Mais adiante, tratarei deste tópico tão gritante quanto a final girl de Jamie Lee Curtis ao ser perseguida por Michael Myers, o turbinado inimigo sem rosto que marcou a sua cinematografia, ligeiramente embaçada no desenvolvimento de Vampiros, terror que ao longo de seus 108 minutos, inspira-se no romance de John Steakley, transformado em roteiro por Dan Jarkloy, entregue ao cineasta para ser uma mudança de rumo em sua carreira e a primeira incursão no mundo dos vampiros, espaço ainda não experimentado em sua longa e eficiente trajetória no campo do terror. O que poderia surtir num caminho novo a ser trilhado foi apenas um breve passeio, pois o cineasta se bifurcou por outros espaços posteriormente. Na trama, os vampiros apresentam perigo não apenas na escuridão da noite, mas durante a luz do dia, criaturas que estão sob a observação do incansável Jack Crow (James Woods), líder de um grupo de caçadores das mitológicas criaturas, exterminador que faz parte de uma organização secreta mediada pela Igreja Católica.

Chefiado pelo Cardeal Alba (Maximilian Schell), Crow trafega por regiões desérticas e enfrenta a fúria destas criaturas acompanhado de Anthony Montoya (Daniel Baldwin) e do padre Guiteau (Tim Guinne), representante da igreja que no passado, fez de um ritual de exorcismo que deu errado e o transformou em um vampiro. É nesta mescla de estilos que Vampiros, de John Carpenter, se desenvolve. Um dos pontos narrativos que se desdobra ao longo do filme é a batida numa zona de prostituição que acaba se transformando numa chacina de vários que ali se faziam presentes, desde clientes ao grupo de trabalhadoras da noite. Uma delas é Katrina (Sheryl Lee), prostituta que será levada pelo personagem de Baldwin como vítima a ser resgatada e salva. Os vampiros que aqui atacam são movidos pelo desejo de adquirir a lendária Cruz de Berzies, objeto que os permitirá caminhar eternamente por qualquer período do dia, sem a necessidade de atacar e se esconder durante a noite, como rezam os mandamentos tradicionais dos sugadores de sangue. Trajados pelos figurinos de Robin Michel Bush e maquiados pelo setor supervisionado por Howard Berger, os monstros do filme se assemelham bastante ao esquema semiótico de Marilyn Manson em suas apresentações públicas. Com isso, digo que não são exatamente assustadores, mas convencem que estão ali em grupo, unificados visualmente para dar conta de suas missões destrutivas.
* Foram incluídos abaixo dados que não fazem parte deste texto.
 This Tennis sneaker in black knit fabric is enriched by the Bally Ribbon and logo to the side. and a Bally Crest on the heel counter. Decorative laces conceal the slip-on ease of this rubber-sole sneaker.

O que podemos esperar disso? Um bom trabalho do ponto de vista técnico. E só, mas o bastante. Paradoxal, não? Explico: Vampiros, de John Carpenter, visualmente falando, é uma narrativa eficiente. Esse nunca foi um problema para o realizador, ciente da sua competência no gerenciamento não apenas dos aspectos visuais de seus filmes, mas apurado no desenvolvimento da trilha sonora. Ao estabelecer elementos inovadores na exaustiva mitologia dos vampiros, um dos monstros mais trabalhados no esquema das produções de terror, John Carpenter transforma a sua história num ponto de destaque da historiografia das criaturas da noite em seu longo passeio pelo século XX. Traz para a direção de fotografia, o empenho de Gary B. Kibbe, responsável por emular a cartilha western de planos abertos, movimentação milimetricamente calculada e sofisticação dos demais enquadramentos eficientes ao promover a melhor captação possível para os espaços abandonados pelo qual circundam os personagens. O design de produção de Thomas A. Walsh também acerta nos tons alaranjados, vermelhos e no estabelecimento de cenários e adereços que funcionam bem nas passagens noturnas, expressadas em imagens com textura firme, também conscientes do universo visualmente mesclado entre terror e western, apesar de seu desenvolvimento dramático flerta com muitos clichês do estilo policial.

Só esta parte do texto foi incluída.